▶ **Records provided**:
====================

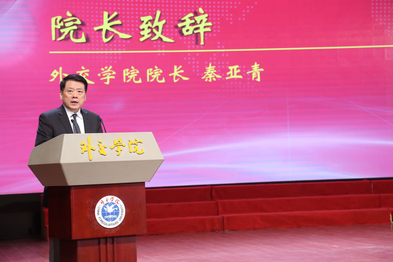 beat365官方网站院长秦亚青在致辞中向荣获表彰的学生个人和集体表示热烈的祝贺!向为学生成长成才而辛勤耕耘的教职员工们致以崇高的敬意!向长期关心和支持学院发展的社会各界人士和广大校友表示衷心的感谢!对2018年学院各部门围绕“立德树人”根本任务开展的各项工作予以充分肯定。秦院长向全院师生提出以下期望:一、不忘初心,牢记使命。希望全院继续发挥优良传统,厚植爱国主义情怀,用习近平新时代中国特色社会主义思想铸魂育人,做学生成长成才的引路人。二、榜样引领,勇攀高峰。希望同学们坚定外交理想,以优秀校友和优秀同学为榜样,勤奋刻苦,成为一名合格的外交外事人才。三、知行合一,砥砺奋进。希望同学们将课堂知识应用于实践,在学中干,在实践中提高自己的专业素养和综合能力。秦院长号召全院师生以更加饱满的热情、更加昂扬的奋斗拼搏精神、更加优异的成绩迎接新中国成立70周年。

====================

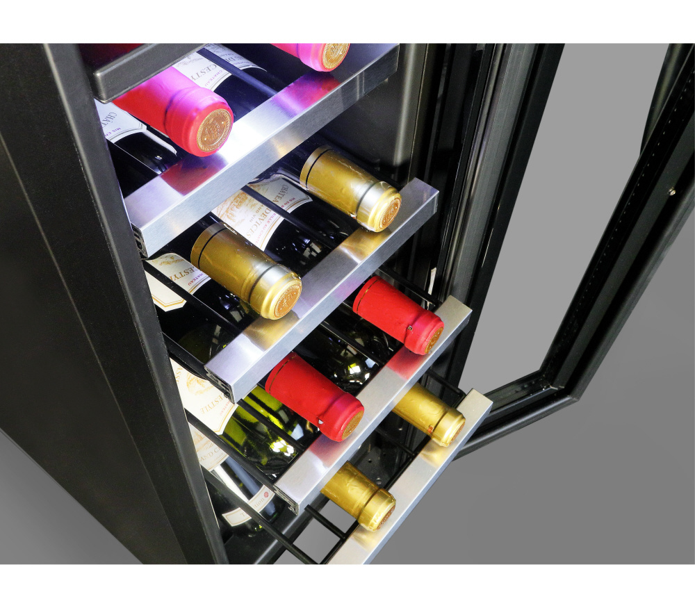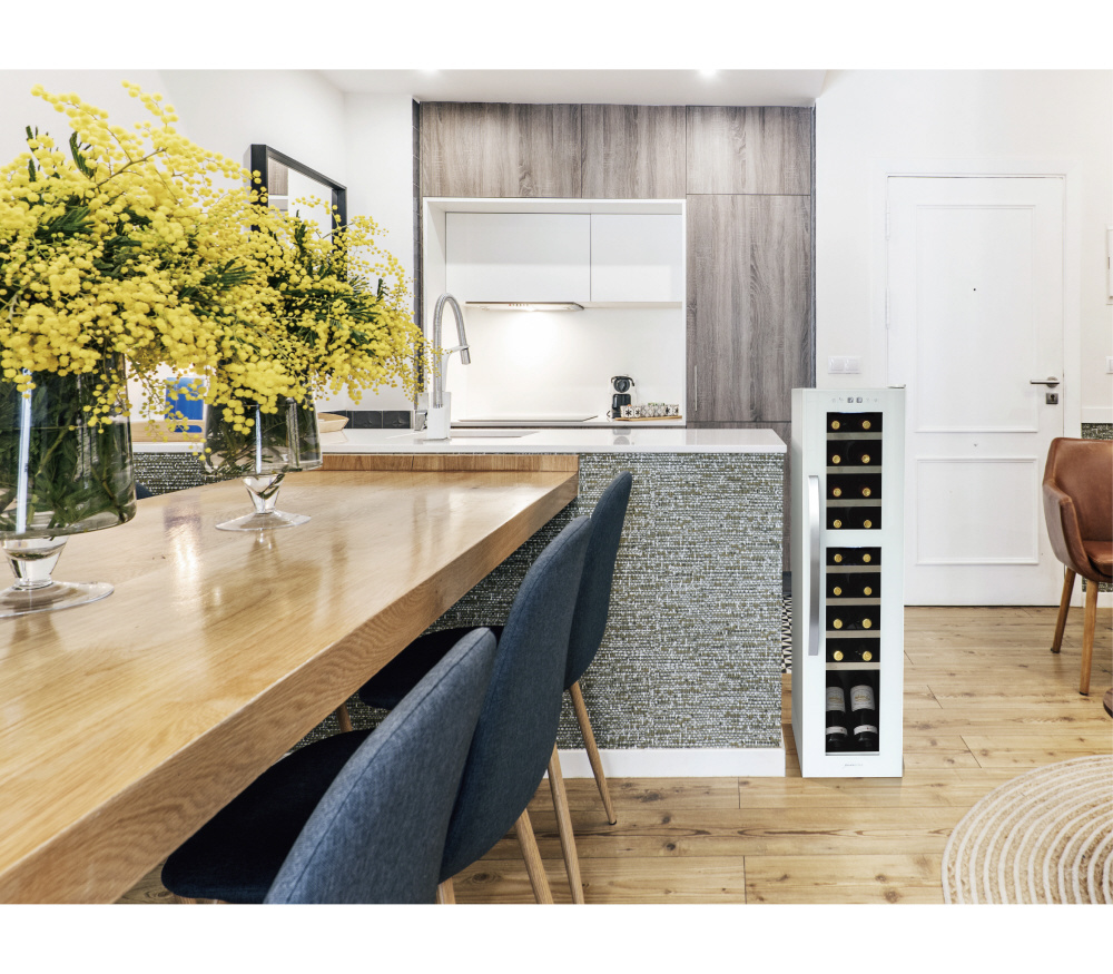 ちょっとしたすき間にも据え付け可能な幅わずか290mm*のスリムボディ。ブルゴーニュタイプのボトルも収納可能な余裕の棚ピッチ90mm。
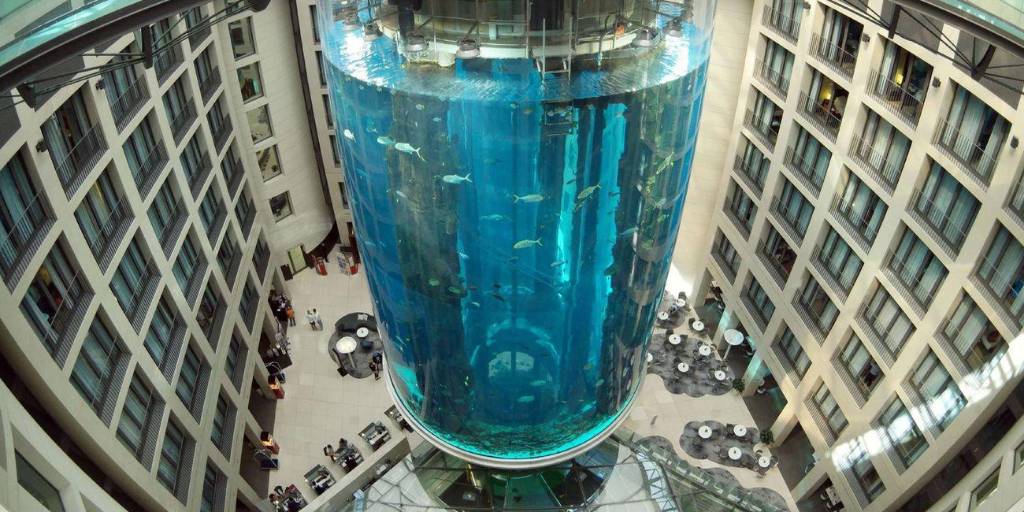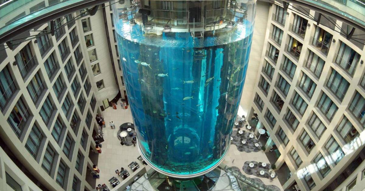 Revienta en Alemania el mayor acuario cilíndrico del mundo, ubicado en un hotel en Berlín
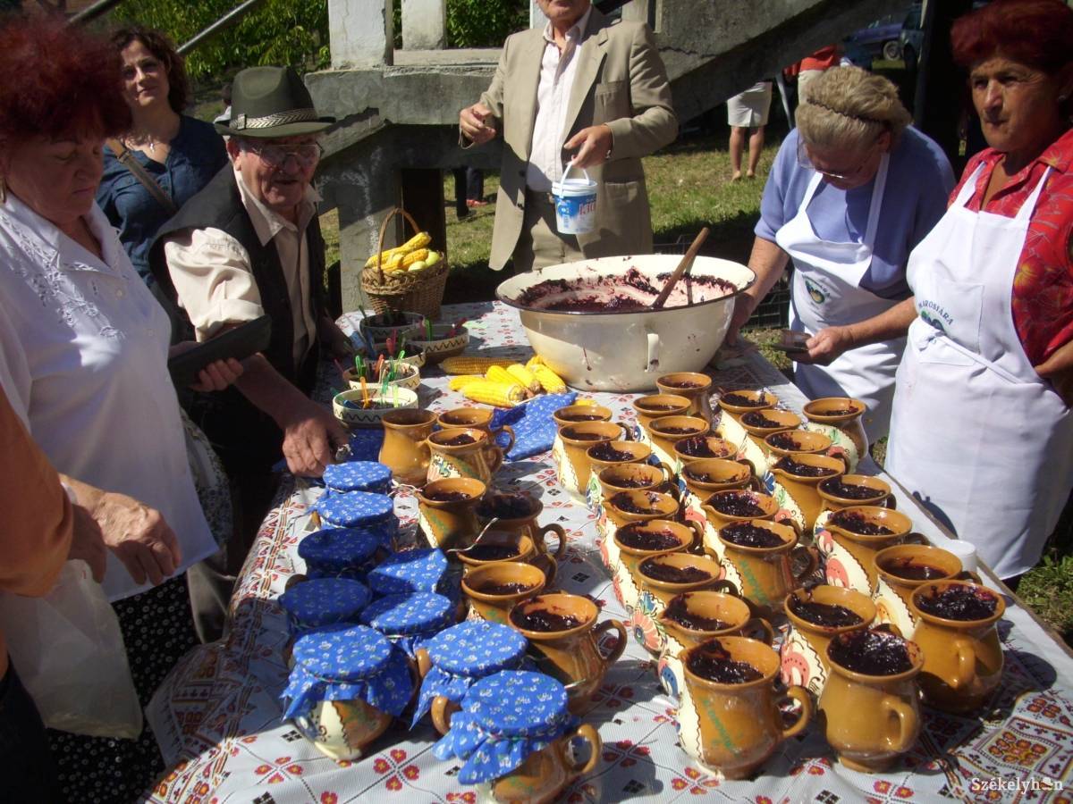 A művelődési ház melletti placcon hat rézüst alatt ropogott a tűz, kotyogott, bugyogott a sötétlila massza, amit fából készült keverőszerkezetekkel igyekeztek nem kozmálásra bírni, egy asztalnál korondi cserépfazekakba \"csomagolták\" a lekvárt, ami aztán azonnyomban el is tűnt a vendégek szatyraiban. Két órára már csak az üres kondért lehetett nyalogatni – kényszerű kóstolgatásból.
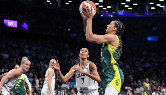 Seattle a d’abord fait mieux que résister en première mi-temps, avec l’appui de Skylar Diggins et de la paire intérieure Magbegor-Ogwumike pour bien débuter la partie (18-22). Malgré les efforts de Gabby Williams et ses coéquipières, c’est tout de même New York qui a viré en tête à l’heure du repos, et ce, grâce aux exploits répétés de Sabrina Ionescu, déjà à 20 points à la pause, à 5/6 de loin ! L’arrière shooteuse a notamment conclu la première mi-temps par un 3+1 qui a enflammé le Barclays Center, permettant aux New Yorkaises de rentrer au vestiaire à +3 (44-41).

====================

▶ **Task details**: The response must repeat exactly the lines above from the one with "Revienta en Alemania" through the one with "A művelődési ház", including both, and must contain no pictures and no other text.

▶ **Output below**:
 Revienta en Alemania el mayor acuario cilíndrico del mundo, ubicado en un hotel en Berlín
 A művelődési ház melletti placcon hat rézüst alatt ropogott a tűz, kotyogott, bugyogott a sötétlila massza, amit fából készült keverőszerkezetekkel igyekeztek nem kozmálásra bírni, egy asztalnál korondi cserépfazekakba \"csomagolták\" a lekvárt, ami aztán azonnyomban el is tűnt a vendégek szatyraiban. Két órára már csak az üres kondért lehetett nyalogatni – kényszerű kóstolgatásból.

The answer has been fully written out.